Information shown
▬▬▬▬▬▬

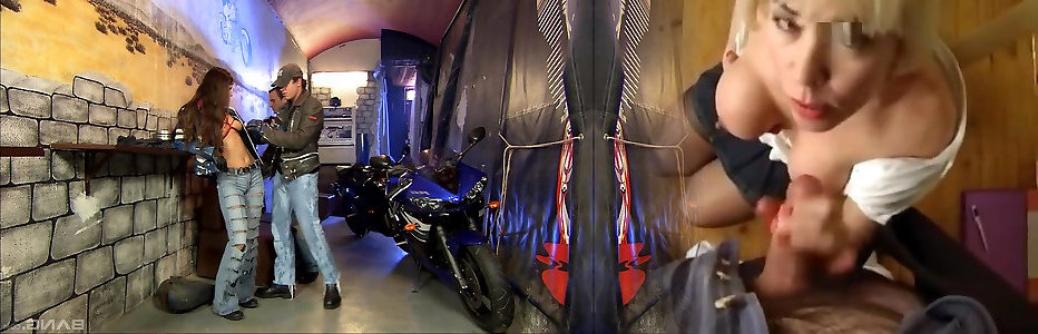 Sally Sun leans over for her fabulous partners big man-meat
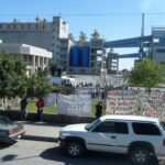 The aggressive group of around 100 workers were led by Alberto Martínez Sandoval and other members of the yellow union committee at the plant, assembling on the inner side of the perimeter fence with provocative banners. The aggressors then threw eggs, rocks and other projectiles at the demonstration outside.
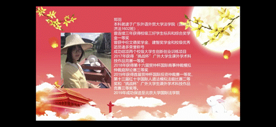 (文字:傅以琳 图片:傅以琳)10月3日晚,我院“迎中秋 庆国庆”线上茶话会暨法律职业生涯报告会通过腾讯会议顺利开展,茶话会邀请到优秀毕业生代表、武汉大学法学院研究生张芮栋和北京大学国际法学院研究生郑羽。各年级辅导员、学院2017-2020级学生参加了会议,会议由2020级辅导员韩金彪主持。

▬▬▬▬▬▬

Exercise prompt
Return the material line for line, from its beginning to the line that contains "The aggressive group", with the pictures left out.

Solved problem
 Sally Sun leans over for her fabulous partners big man-meat
 The aggressive group of around 100 workers were led by Alberto Martínez Sandoval and other members of the yellow union committee at the plant, assembling on the inner side of the perimeter fence with provocative banners. The aggressors then threw eggs, rocks and other projectiles at the demonstration outside.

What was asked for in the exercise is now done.